London's Top PA: Claire Cousins

Claire tells us the best ways to get into PA life

How did you get your career started as a PA? 

Like many PAs, I started working on reception and in front of house roles. I think this is a great way into any company as you’re at the centre of everything and it’s a fantastic way to be spotted. You very quickly get to know colleagues, clients and logistics which help you get tasks done quickly and efficiently when you become a PA.

What was your experience of finding your first PA role? 

My first PA role was a mixed role so I combined PA duties with managing the front of house. Gradually, as the company grew, I spent more time concentrating on the PA side of things like my Directors’ workloads and their diaries. Neither of them had had a PA before so it was a great learning curve for all of us. They didn’t have specific expectations so we had to communicate constantly to ensure we helped each other and worked well together.

What has been your most challenging PA role to date and why? 
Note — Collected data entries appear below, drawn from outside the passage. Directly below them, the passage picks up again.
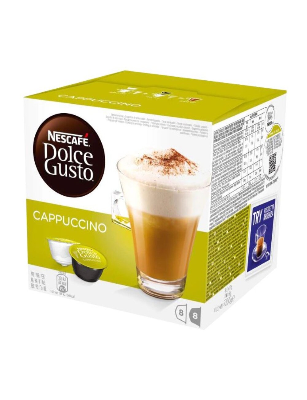 Clasica si iconica in acelasi timp, indragita de iubitorii de cafea din toata lumea, cafeaua NESCAFÉ® Dolce Gusto® Cappuccino imbina delicat gustul intens al unui espresso consistent cu laptele cu textura fina, invaluite intr-o spuma catifelata si densa. Aceasta cafea este o experienta desavarsita, indiferent de ocazie. Cafeaua NESCAFÉ® Dolce Gusto® Cappuccino se remarca prin gustul echilibrat si intens al boabelor de cafea prajite cu grija, pus in valoare de finetea laptelui si dulceata blanda a zaharului.
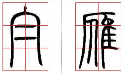 3、参差关系:篆书下垂的线条有两条或两条以上的时候,应当讲究垂脚的参差变化。如(图十一)“白”字,虽只两条垂脚,但也有高低的不同。再如(图十一)“雁”字四条垂脚的参差变化。
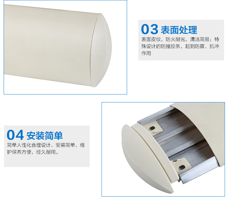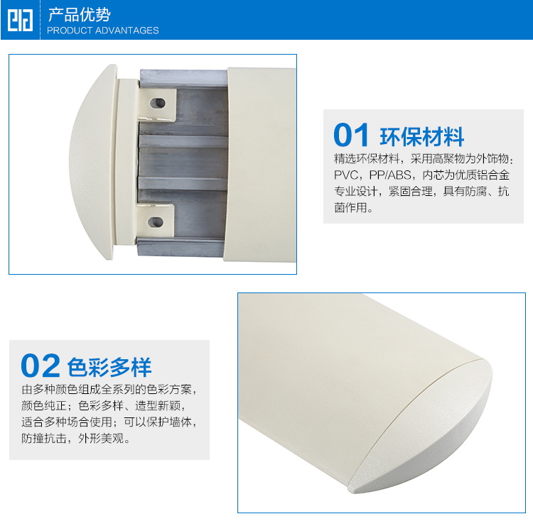 抗菌防撞護板采用高聚物PVC為外飾物,此PVC有防火、防腐、抗菌、易清潔等效果;安裝簡單,津貼墻面,維護保養方便,經久耐用;3、款式多樣,寬窄均可,色彩豐富;護板內芯為優質鋁合金專業設計,緊固合理;表面批文,防火耐光,清潔簡易;抗菌防撞護板和抗菌防撞扶手一起使用,整體保護墻面,防撞、抗擊、抗沖。
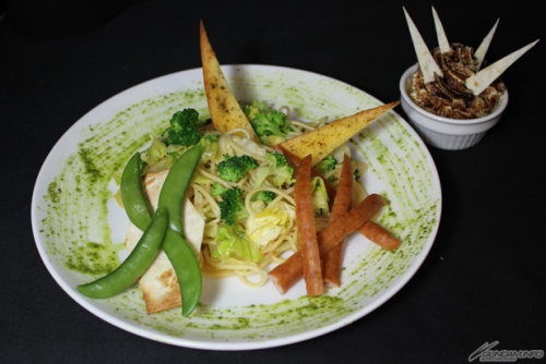 A cabbage and broccoli spaghetti recalling the awakened Unicorn Gundam. Includes a mascarpone dessert themed after the Banshee.

One boss was extremely challenging and unrealistic but an important PA trait is discretion so it’s probably best to leave that one there!

How does it differ from previous jobs? 

I’ve had lots of different roles in the past so being a PA differs simply by being office based as that was new to me. Being a PA is a very varied job and I love how much you can learn about so many things. I’ve ended up at amazing events and organising things from a boss’ company strategy to their honeymoon!

Who has been your most inspirational boss and why? 

I’ve had lots of great bosses but I think the one in my new company is particularly inspirational. The company has grown globally in a really short time and he works so hard but remains friendly and self-sufficient. He hasn’t let success go to his head.

Biggest achievement as a PA? 

Sometimes I’m asked to do something that can seem very unachievable so just surpassing expectations and bossing situations is a satisfying achievement for me. Coming up with new ideas that make a business run more smoothly and seeing them put into practise and working is also a great feeling.

Biggest hurdle you have had to overcome as a PA? 

Dealing with some very unpredictable characters and being told something is unachievable when it simply has to be can be tough.

My tip in those situations is to - stand your ground and stay strong but be friendly to build a great rapport with clients, it’ll always turn in your favour at times you least expect.

Do you feel valued as a PA? Do you think PAs get enough recognition? 

I‘ve find every PA role to be so different. Personal Assistant is quite a vague term and the role can be performed at very different levels so I think it’s hard to determine the value and recognition received. Some PA duties are quite straightforward, getting coffees and some admin but other roles, the level of expectation about what you do is much higher; you’re involved in their professional and private lives. I’ve found that whatever your tasks are, big or small, the recognition and appreciation definitely depends on who you’re working for. I’ve been on both ends of the spectrum and have learnt that when you go for your interview, it’s so important to interview them as much as they do you. The working relationship you have with your boss is key to your appreciation, success and overall work/life happiness.

What advice would you give to candidates finding their first job in a support role in London? 

Finding temp work is a great way to learn about many different industries, especially if you’re working front of house. I did this for a few years ad hoc, around my main job which wasn’t 9-5, and this taught me about where I wanted to be. Temping is also an easy way to get into a company and then transfer internally.

What three attributes do you think make a good PA? 

Organisation, patience and proactivity.

What makes your day easier/ what or who couldn’t you live without? 

Outsourcing travel agents and concierge services.

What are you most proud of? 

Landing my most recent EA role. I hadn’t had as much experience as the other candidates but the company could see my enthusiasm and recognised my varied experience and transferable skills and made an offer I couldn’t refuse.

I found other recruiters couldn’t see past the level of experience I had and were putting me forward for much more junior roles.

What advice would you give to a young PA starting their career? 

Definitely start on reception if you can’t get a direct PA role.

Speak to other PAs, attend networking events and be open to new technology & services making work like much more time efficient. Be proactive and help wherever you can and you’ll soon be noticed.

When you’re not being one of London’s top PAs, what do you enjoy doing? 

Going on holidays! I like to travel as much as possible and I’m always getting the best flight deals. I’ve recently been to Vienna where I booked flights for 0.02p per person and Philippines for £200 return.